- _STORED DATA_:
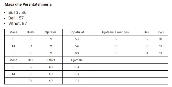 Size chart
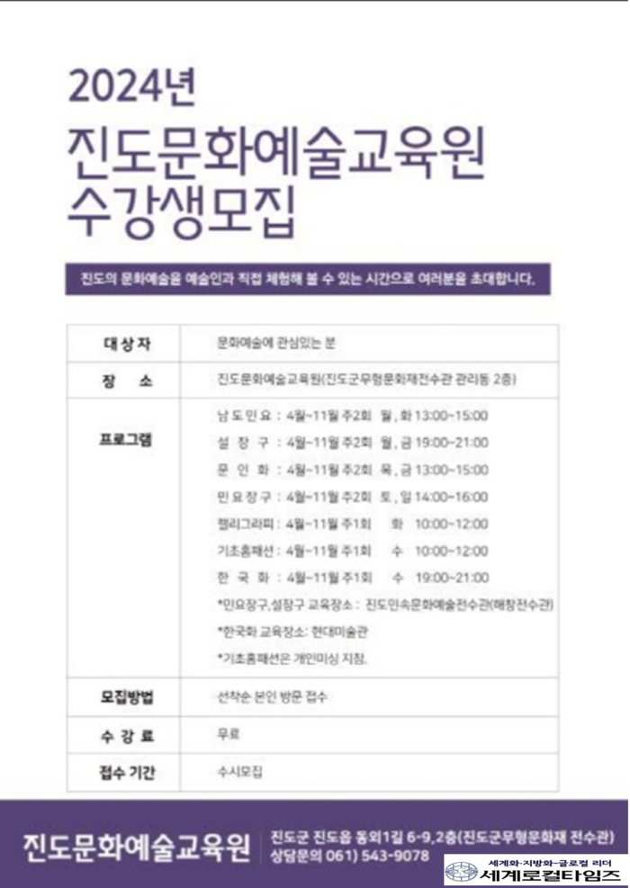 [세계로컬타임즈 문형원 기자] 진도문화예술교육원이 수강생을 모집한다.
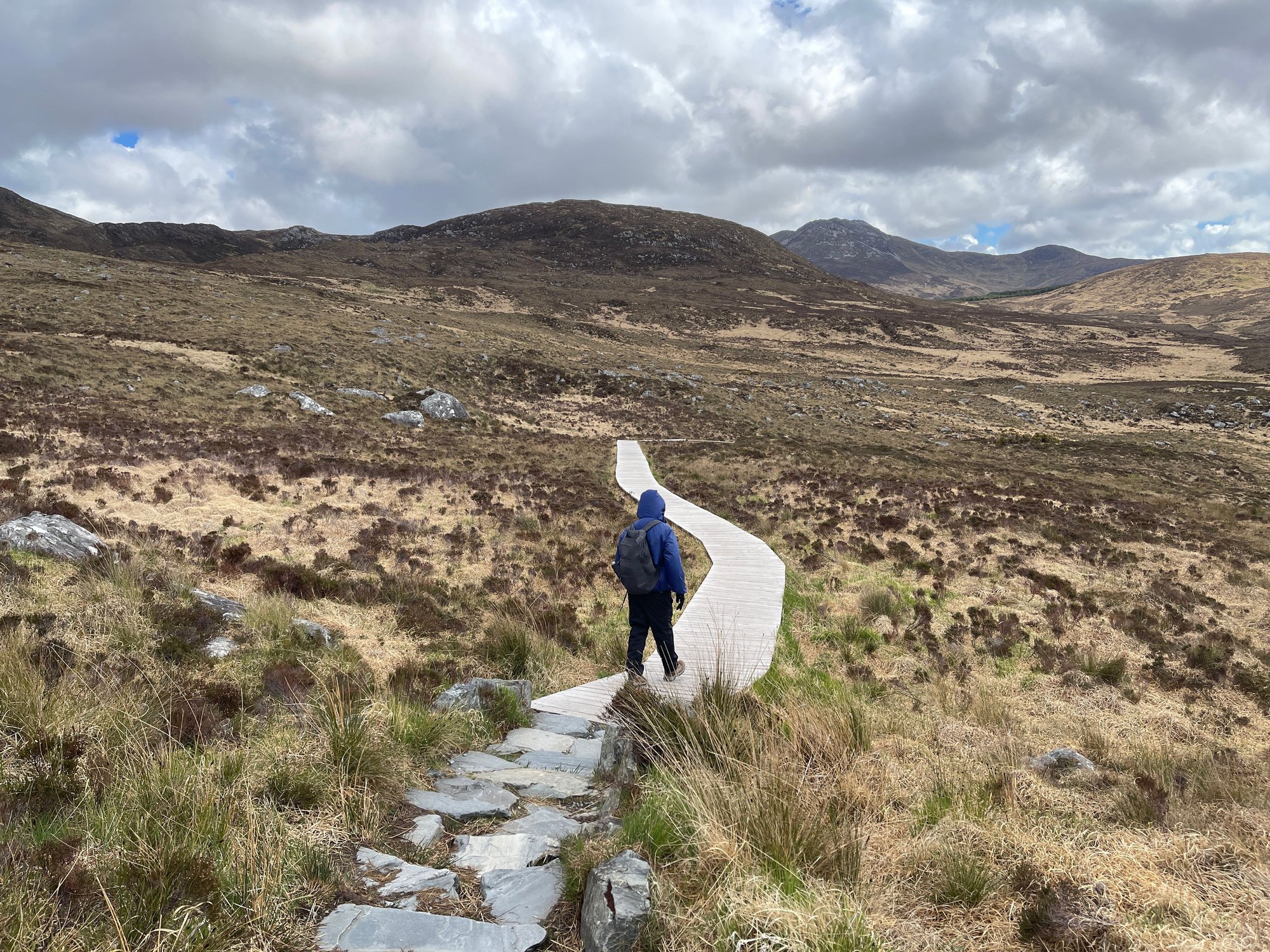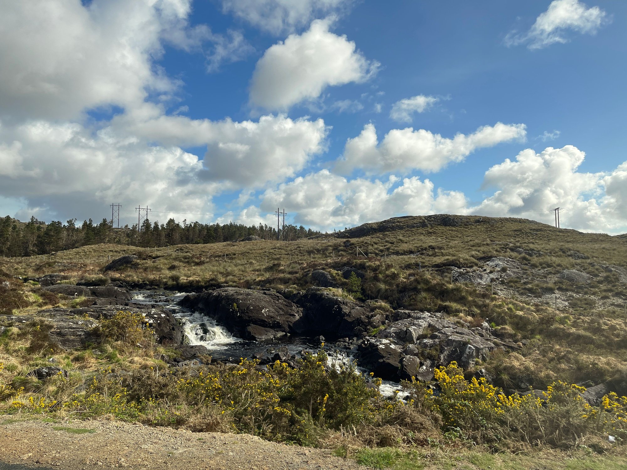 Our route to Connemara along the Wild Atlantic Way hugged the shoreline of Galway Bay. The mountains started to rise up in the distance and the terrain became dotted with lakes separated by blanket bog and forestry.
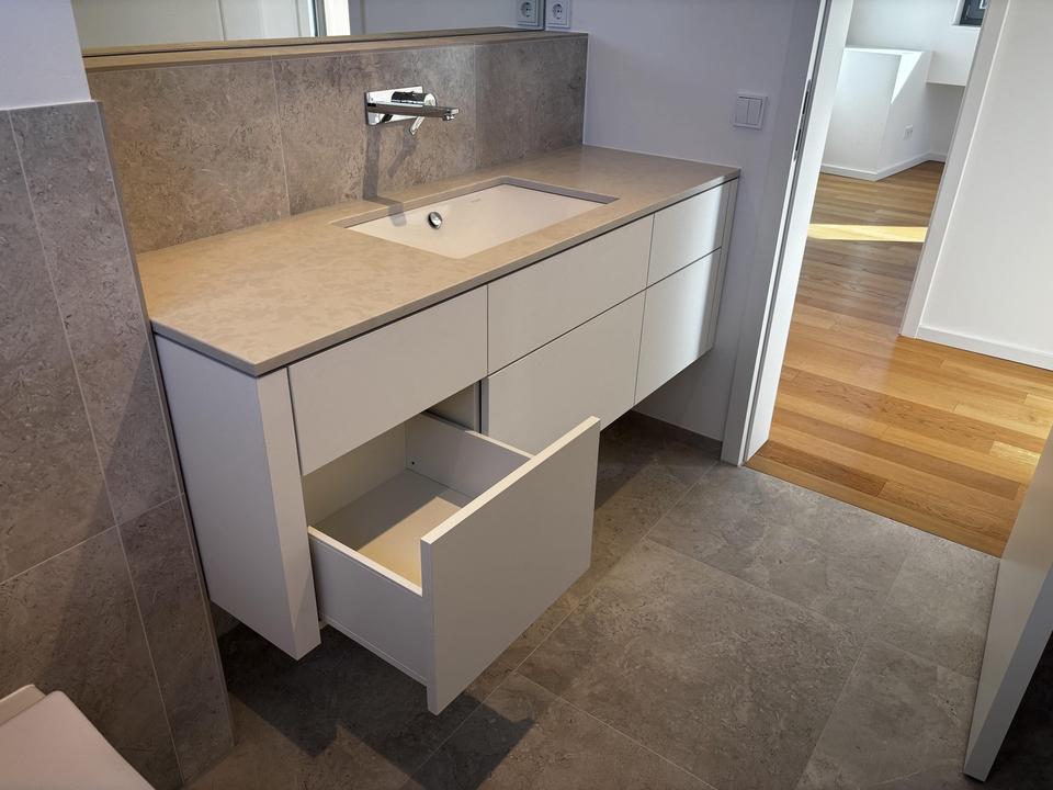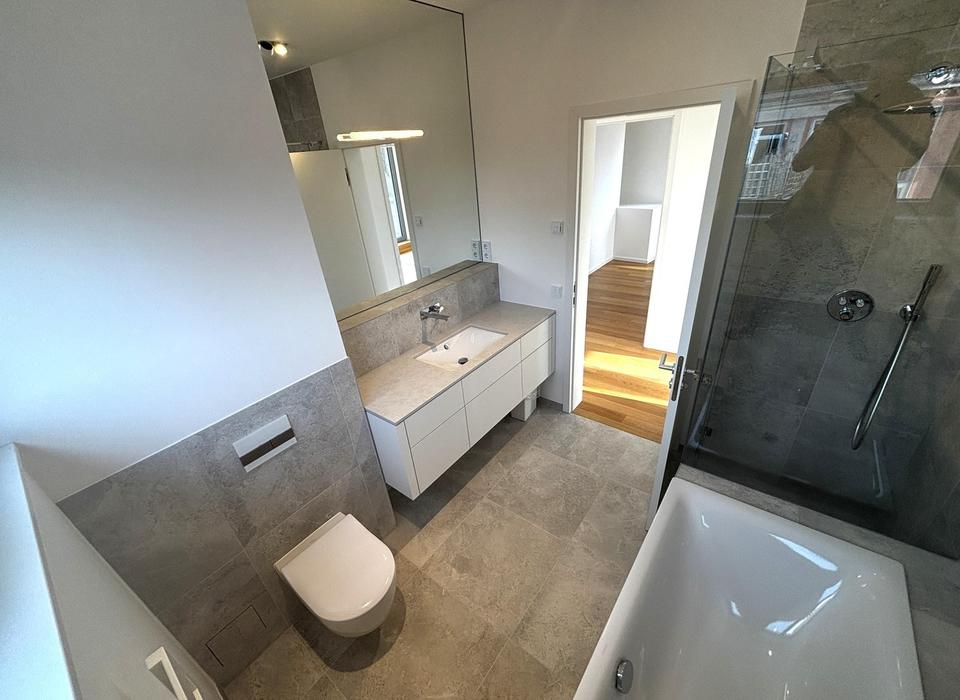 HAUPTBAD (6,58 qm, bodengleiche Dusche, Wannenbad, massgefertigtes wandhängendes Waschtischmöbel [mit fünf Schubkästen mit Tip-On-Öffnung, Deckplatte Silestone Nolita Suede matt, Unterbauwaschbecken], Sanitärkörper Kaldewei Silenio, Armaturen Grohe Lineare, Handtuchheizkörper Kermi Casteo)

- _ASSIGNMENT_: Reproduce the material above in full, exactly, with no images.

- _RESPONSE TO THE TASK_:
 Size chart
 [세계로컬타임즈 문형원 기자] 진도문화예술교육원이 수강생을 모집한다.
 Our route to Connemara along the Wild Atlantic Way hugged the shoreline of Galway Bay. The mountains started to rise up in the distance and the terrain became dotted with lakes separated by blanket bog and forestry.
 HAUPTBAD (6,58 qm, bodengleiche Dusche, Wannenbad, massgefertigtes wandhängendes Waschtischmöbel [mit fünf Schubkästen mit Tip-On-Öffnung, Deckplatte Silestone Nolita Suede matt, Unterbauwaschbecken], Sanitärkörper Kaldewei Silenio, Armaturen Grohe Lineare, Handtuchheizkörper Kermi Casteo)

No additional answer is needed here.